More recently, St. Joseph’s Halloween attractions have mostly been homemade. Local horror lovers have taken it upon themselves to create haunted houses on their own properties.
In 2017, Gage Herrington and his family turned a St. Joseph staple into one of the scariest spots in town. The August Nunning House, owned by Herrington’s mother Cammie Hajek, saw upwards of 700 visitors in 2017 when the family turned it into a haunted house.
Visitors had the option to pay a small admission fee or to donate food to benefit the Noyes Home for Children. The family ended the season having raised more than $3,000 and collecting 39 canned goods for the Noyes Home.

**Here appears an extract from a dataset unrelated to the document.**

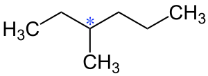 Exemplu de stereocentru (marcat cu un asterisc albastru) în molecula de 3-metilhexan. În acest caz, avem un atom de carbon asimetric, care leagă trei grupe alchil diferite (etil, n-propil și metil) și un atom de hidrogen.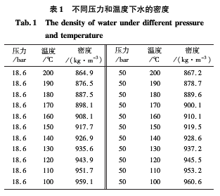 在實際過程中,加熱器中不同位置的水溫是不一致的,它和加熱器的形狀、體積等條件有關(guān),同理在測量通道中不同位置的水溫也是不一致的。這會對理論計算造成較大的困難,在此對容器中水的溫度分布做了簡化。如圖1所示,在閥門V的左端為加熱器的水溫,假設(shè)水溫一致,且都為T1,在閥門V的右端為測量通道的水溫,設(shè)水溫一致,且都為T2。在加熱器額定工作壓力P的情形下,T1溫度和T2溫度下對應(yīng)的水的密度分別為ρ1和ρ2。在閥門V處,左端的壓力等于右端的壓力,由此可得:

Herrington and his wife, Hajek and her boyfriend and a handful of other helpers spent two months months transforming the 130-year-old mansion. They hung rubber heads on the trees and lined the hallways with strobe lights and animatronic monsters.
“We've always been kind of fascinated with like the history behind St. Joe and the architecture and all that, and the Nunning House is just a fantastic example of a little bit of all of it there,” Herrington says.
Herrington said St. Joseph is the perfect town for homemade haunted houses. The Victorian architecture lends Museum Hill and other, older neighborhoods a natural air of spookiness — it doesn’t hurt that some of the homes, including the Nunning House, also purportedly are haunted by real ghosts.
With the Nunning House, the story goes that the home’s original owner, August Nunning, still resides there. Nunning built the house a decade after the death of his first wife, who died shortly after their honeymoon.
The house is almost a memorial to Nunning’s dead wife, Herrington says. A stained-glass window depicts a scene from “Romeo and Juliet.” Baby faces and funeral flowers are carved into some of the woodwork. Nunning died in the house a week after he married his second wife.
Herrington and his family haven’t recreated the Nunning haunted house. Most of St. Joseh’s DIY haunted houses don’t stick around for more than a year or two. It’s hard work, Herrington says, and the decorations make the house practically unlivable.
In addition to the hard work, Herrington attributes the city's lack of permanent Halloween attractions to location.
“If you're operating anywhere besides the Belt, people in St. Joe don't necessarily patronize things all that much that aren’t, like, in that part of town,” he says. “Places Downtown, Midtown, things like that have a harder time getting people to come out to them. So you’ve got really great businesses that just struggled to keep your head above water.”